Moreover,  the condition $h\in L^{\alpha}$ for $\alpha >N/2$ can also be
used to show, as a consequence of the weak Harnack inequality
\cite[Theorem 8.20]{G-T} that $\varphi_1>0$ a.e. in
$\mathbb{R}^N$, $\lambda_1$ is simple, and the zero-set of the eigenfunctions
$\varphi_j$, $j\geqslant 1$, has Lebesgue measure zero.
This last property is known as {\it unique continuation\/} \cite{AR}.

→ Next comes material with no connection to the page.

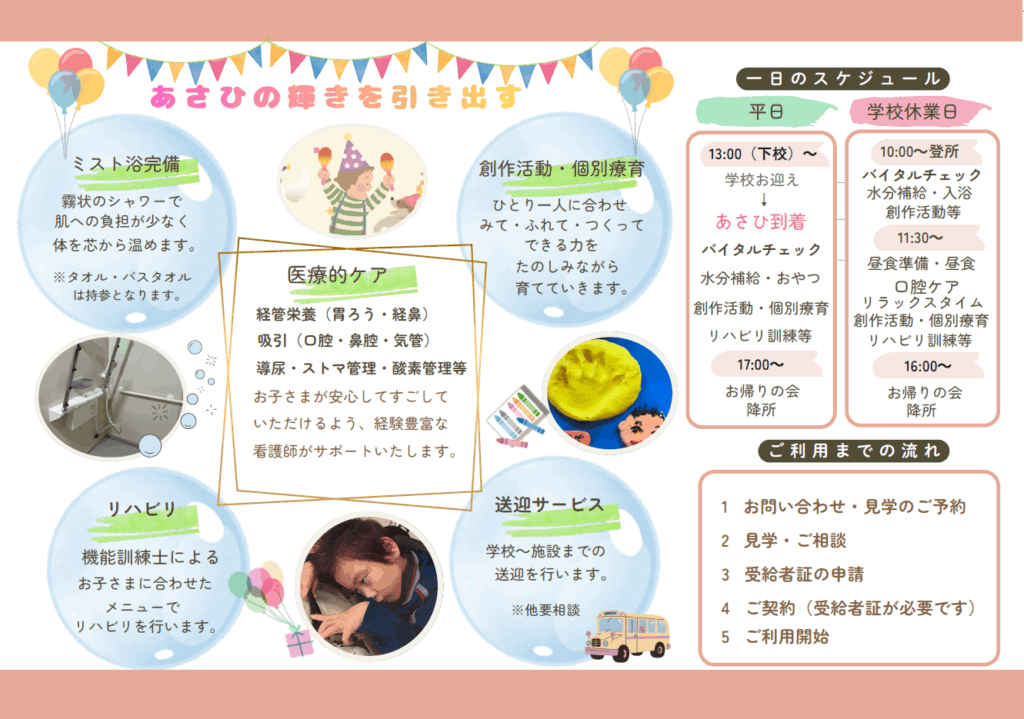 【対象】受給者証が必要です ※小学校から高校生 主に重心児、医療的ケア児のお子様

 Solutions of \eqref{Plf} happen to be critical points of the functional
\begin{equation}
J_{\lambda}(u)=\frac{1}{2}\int|\nabla u|^2-\frac{\lambda}{2}\int h(x)u^2
-\int a(x) G(u)-\int f(x)u
\label{J}
\end{equation}
for $u\in\mathcal{D}^{1,2}$, where
$J_{\lambda}\in\mathcal{C}^1(\mathcal{D}^{1,2},{\mathbb{R}^N})$ has
Fr\'{e}chet derivative
$$
 J'_{\lambda}(u)v= \int \nabla u \nabla v-\lambda \int h(x)uv- \int a(x)g(u)v
 -\int f(x)v
$$
for all $u,v\in\mathcal{D}^{1,2}$. This is a straightforward
consequence of the definition of Fr\'{e}chet derivative and the
conditions on $a$, $f$, $g$, and $h$.

We will use the following version of the concentration-compactness lemma of
Lions \cite{L1}.

\begin{lema}[Lions Concentration-Compactness Lemma] \label{lions}
 Let $(\rho _{n})_{n\geqslant 1}$ be a sequence in $L^1(\mathbb{R}^N)$ satisfying:
$\rho_n\geqslant 0$ in $\mathbb{R}^N$ and $\int \rho_n dx =\sigma$,
where $\sigma>0$ is fixed.
Then there exists a subsequence $(\rho_{n_{k}})_{k\geqslant 1}$ satisfying one
of the three possibilities:
\begin{itemize}
\item[(i)] (Compactness) There exists $y_k\in \mathbb{R}^N$ such that
$\rho_{n_{k}}(\cdot+y_k)$ is tight; that is,
for all $\varepsilon >0$ there exists $R<\infty$ such that
$\int_{y_{k}+B_{R}}\rho_{n_{k}}(x)\geqslant \sigma - \varepsilon$
for all $k$.

\item[(ii)] (Vanishing)
$\lim_{k\to \infty} \sup_{y \in \mathbb{R}^N}\int_{y+B_{R}}\rho_{n_{k}}(x)dx=0$
for all $R<\infty$.

\item[(iii)] (Dichotomy) There exists $\alpha \in (0,\sigma)$
such that, for all $\varepsilon>0$, there exist $k_o \geqslant 1$,
a sequence $\{y_n\}\subset {\mathbb{R}^N}$, a number $R>0$ and a
sequence $\{R_n\}\subset {\mathbb{R}}_{+}$, with
$R<R_1$, $R_n<R_{n+1}\to +\infty$, such that, if we set
$\rho^{1}_{n}=\rho_n\chi_{\{|x-y_n|\leqslant R\}}$ and
$\rho^{2}_{n}=\rho_n\chi_{\{|x-y_n|\geqslant R_n\}}$, then
\begin{equation} \label{D}
 \begin{gathered}
 \|\rho_{n_{k}}-(\rho^{1}_{k}+ \rho^{2}_{k})\|_{L^{1}}\leqslant \varepsilon,
 \quad \big| \int_{\mathbb{R}^N}\rho^{1}_{k}dx- \alpha\big|\leqslant \varepsilon,\\
 \big|\int_{\mathbb{R}^N}\rho^{2}_{k}dx-(\sigma-\alpha)\big|\leqslant \varepsilon,
 \quad \mbox{for all } k\geqslant k_o ,\\
 \mathop{\rm dist}(\mathop{\rm supp}\rho^{1}_{k},
 \mathop{\rm supp}\rho^{2}_{k})\stackrel{k}{\to} +\infty.
 \end{gathered}
\end{equation}
\end{itemize}
\end{lema}
Next, we establish a compactness statement that will be used throughout
this paper.  First, we recall the Palais-Smale condition.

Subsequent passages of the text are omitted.